In 1947, while still a student, he and his college friend, Harry Kendon Clench (1925–1979) founded the Lepidopterists' Society , which currently has more than 10,000 members - the majority in the United States and Canada. Together with Clench he also edited the scientific journal Journal of the Lepidopterists' Society . In 1948 he graduated with a doctorate ( Ph. D. ) and became a professor in the Faculty of Biology at Yale University in the same year . Although Yale already had an excellent biology faculty , Remington was the first entomologist in the department.

In 1958/59 he received a Guggenheim scholarship for the University of Oxford , where he worked with the renowned British gene researcher EB Ford .

Remington remained loyal to Yale University for the entire duration of his teaching career and taught at this university for 44 years, as well as the affiliated Peabody Museum of Natural History , the Yale School of Forestry & Environmental Studies and the Institute for Social & Policy Studies .

Remington had encyclopedic knowledge, and his research and teaching activities were accordingly broad, interdisciplinary and encompassed: ecology , evolution , genetics , bioethics , the ever-decreasing biodiversity , with his favorite subjects remaining the entomology and biology of terrestrial arthropods. Another focus of his scientific work was research into the formation of new species in isolated habitats ("island biology"). He was able to draw on observations that he had made during World War II when he examined more than 75 islands in the Philippines.

Among other things, Remington advocated the thesis that there are geographical zones in the world - which he calls "suture zones" - in which different species of plants, insects and mammals tend to mix with close relatives ( "hybridize" ) . The scientific world initially regarded this thesis as untenable, but has recently taken it up again. From 1950 to the 1980s he and his students traveled regularly in the summer months to the Rocky Mountain Biological Laboratory , near Gothic ( Colorado ), to study the ecosystems of the various high altitude zones.

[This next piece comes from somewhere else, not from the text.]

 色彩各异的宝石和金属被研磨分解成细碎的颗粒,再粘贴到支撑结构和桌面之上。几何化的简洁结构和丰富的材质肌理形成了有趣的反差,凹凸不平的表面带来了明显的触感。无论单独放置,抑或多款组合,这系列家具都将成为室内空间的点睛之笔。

The different biotopes in high mountain heights are isolated in a similar way to those on islands and therefore comparable to these.

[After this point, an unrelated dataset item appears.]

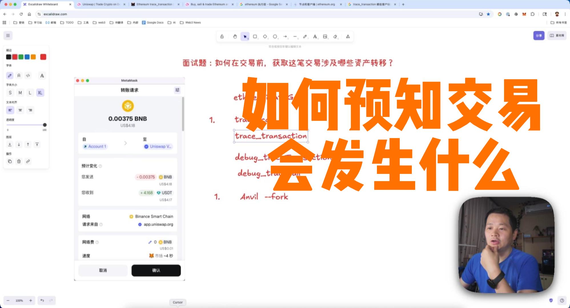 视频 AI 总结: 该视频讲解了在交易前如何获取交易可能涉及的资产转移,类似于 Metamask 交易确认框中显示的预计变化。Tiny熊老师通过一个面试题引出,并提供了几种解决方案,包括使用 RPC 节点的 trace 接口(trace_call 和 trace_transaction)或 Debug 接口,以及在本地 Fork 主网状态并重放交易分析日志。 关键信息: * **核心问题:** 如何在交易前预知交易涉及的资产转移。 * **方案一:** 使用 RPC 节点的 trace 接口(trace\_call, trace\_transaction)或 Debug 接口(Debug\_trace, Debug\_trace\_call)分析调用栈,但这些接口可能不标准或未开放。 * **方案二:** 在本地 Fork 主网状态,重放交易,分析本地执行的交易日志,从中解析 ERC20 Transfer 日志。 * **代码演示:** 通过模拟合约(DepositETH 和 ERC20 转账)展示了如何使用不同方法(本地执行、trace\_transaction、Debug\_Transaction、trace\_call)获取资产转移信息。 * **ETH 转账识别:** ETH 转账不涉及日志,需要通过 trace 分析 Call 调用中的 Value 来识别。

Remington supervised over eighty postgraduate students and generations of up-and-coming scientists, and his enthusiasm for the subject brought many young people to this branch of research.

Under Remington's direction, the over one million insect collection of the Peabody Museum of Natural History at Yale University was created. 2001 were in this collection more than 270 000 day and moths , including the world biggest collection of insects, some of which male and partly female, as gynandromorph be called.

In 1992 he retired from Yale University, Chair of Ecology & Evolutionary Biology and the Yale School of Forestry & Environmental Studies .

In addition to founding the Lepidopterists' Society , Remington sponsored the founding of the Connecticut Entomological Society , the Xerces Society . Remington was a co-founder of the organization Zero Population Growth ( zero growth / since 2002 this organization called Population Connection ), whose aim was the public's attention to the problem of overpopulation to steer.

In 1970 he organized the Convention on Optimal Population and Environment in Chicago, together with the former governor of Colorado Richard Lamm and his research colleague Paul R. Ehrlich (author of The Population Bomb ), for many other conferences and events on the subject of population growth and overpopulation and their impact on the environment.

Charles Lee Remington died on May 31, 2007 at the age of 85 in Hamden, Connecticut.

Private

Charles Lee Remington was married to Jeanne Remington for the first time. From this marriage the three children Eric, Sheldon and Janna were born. He concluded a second marriage with Ellen Mahoney.